50 lines (41 loc) · 4.13 KB

Ecommerce Shopping Analysis

Project Overview

This project aims to study the shipping status from an e-commerce company, aiming to identify and understand late deliveries to improve customer experience. The dataset is obtained from Kaggle, and the analysis notebook is uploaded to Google Colab

Main Method:

  • Data Wrangling with pandas
  • EDA with seaborn
  • Feature Selection and Scaling
  • Sample Balancing with RandomOverSampler
  • Classification with Machine Learning algorithms, Ensemble Methods, and Artificial Neural Network

Dataset

The dataset contains 12 columns, with a total of 10999 rows. The target variable is Reached.on.Time_Y.N.

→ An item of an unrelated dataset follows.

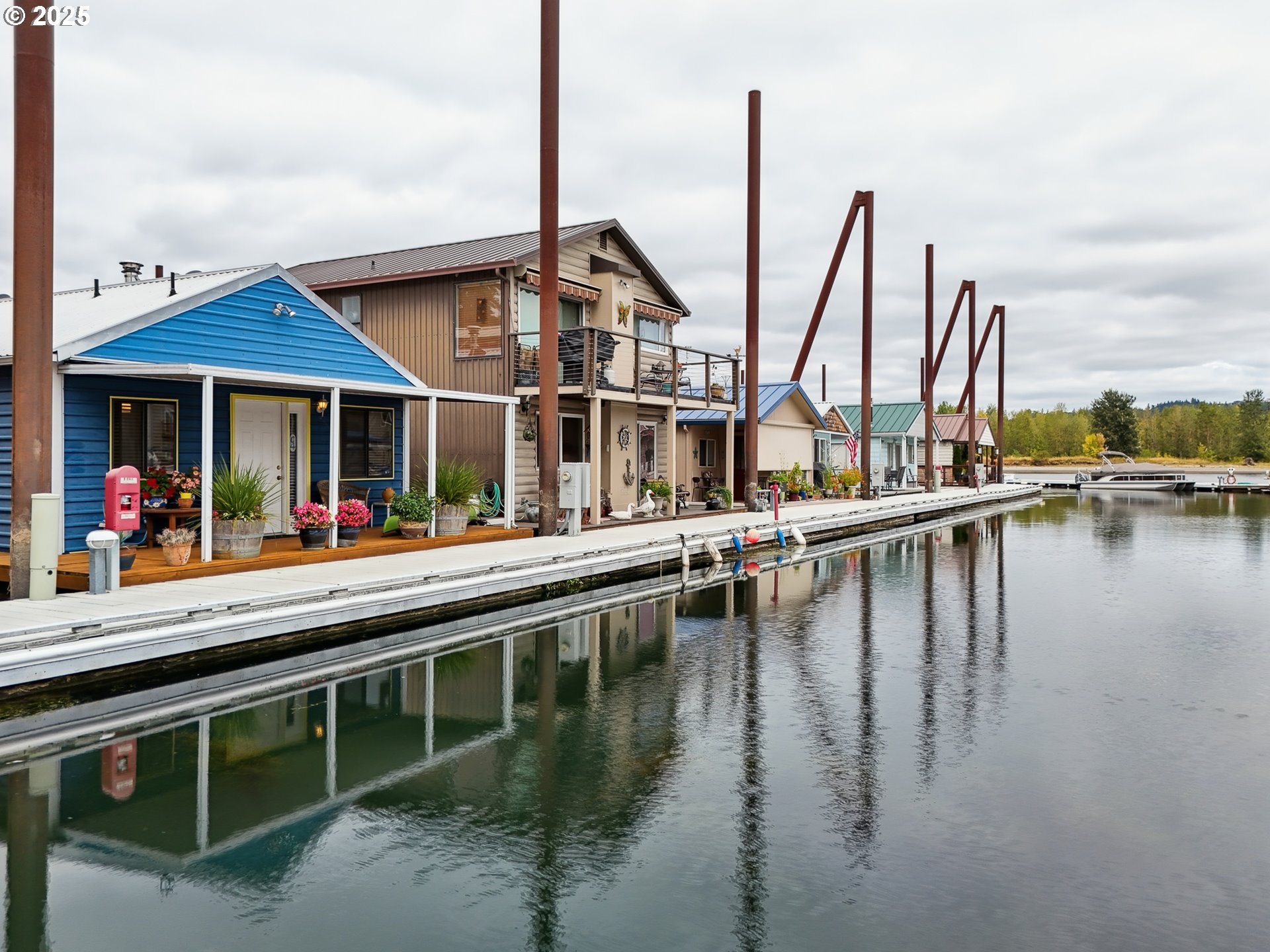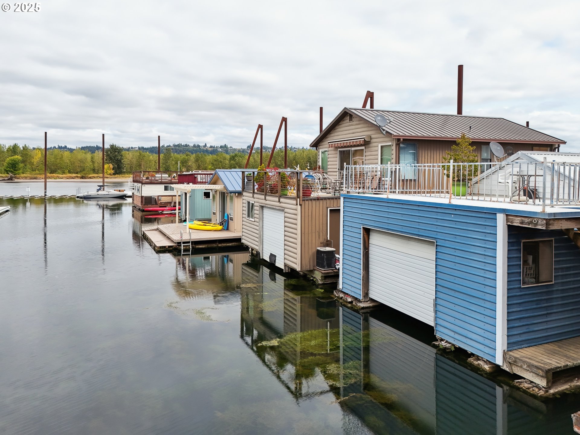 Welcome to your riverfront retreat at Big Eddy Marina, one of the premier floating home communities on the Columbia River. This charming bungalow-style combo home combines timeless cabin character with the magic of living right on the water, and it’s priced to sell, offering one of the most affordable price points in a premier moorage. Wrapped in durable blue metal siding and topped with a matching metal roof, this home was built for longevity on the river. Step inside to find warm wood ceilings, accent walls, and a kitchen with a cozy cabin feel, the perfect blend of rustic and refined. Down the right-hand side, you’ll find the private boatwell, easily accommodating a 15’ boat, kayaks, or jet skis, making water adventures just a step away. To the left, a full bathroom and laundry space offer everyday convenience. Head upstairs to the loft bedroom overlooking the boatwell, where a skylight floods the space with natural light, a peaceful place to wake up each morning. Outside, enjoy well-maintained wood decking leading to your rooftop deck with sweeping views of the Columbia River. It’s the ideal spot for sunset cocktails, stargazing, or simply soaking in the tranquility of life on the water. Big Eddy Marina is under new ownership and is one of the most professionally well kept moorages on the river. Enjoy the private boat launch, gated entrance, and boat/RV parking availability, all part of a community focused on safety, convenience, and lifestyle. This is more than a home, it’s a rare chance to enjoy floating life in a highly sought-after community at an unbeatable price.

Variable Name Description Data Type
ID Unique ID for each shipment int64
Warehouse_block Name of warehouse block (A,B,C,D, F) object
Mode_of_Shipment Mode of shipment (Flight, Road, Ship) object
Customer_care_calls Number of calls from customer int64
Customer_rating Customer's shipment rating (1-5) int64
Cost_of_the_Product Product's prices int64
Prior_purchases Number of previous purchases int64
Product_importance Degree of importance (low, medium, high) object
Gender Customer's gender object
Discount_offered Discount offered on that specific product int64
Weight_in_gms Product's weight in grams int64
Reached.on.Time_Y.N Whether the shipment arrived as scheduled (0,1) int64

Project Directory

| - Shipping_Ecommerce                                        
|   -- data                                                 Contains the raw dataset 
|     --- customer_data.csv
|   -- E-commerce Shipping Analysis - Project Report.pdf    Contains details about the analysis with findings
|   -- E_commerce_shipping_analysis.ipynb                   Contains the source codes
|   -- LICENSE                                              MIT License
|   -- README.md                                            Project Overview

Challenges

As we carried out our feature selection step, it was apparent that only 2 variables: Discount_offered and Weight_in_gms seem to have determining impact on shipment's status. Due to the lack of additional domain knowledge, it is challenging to explain the reasons behind this issue.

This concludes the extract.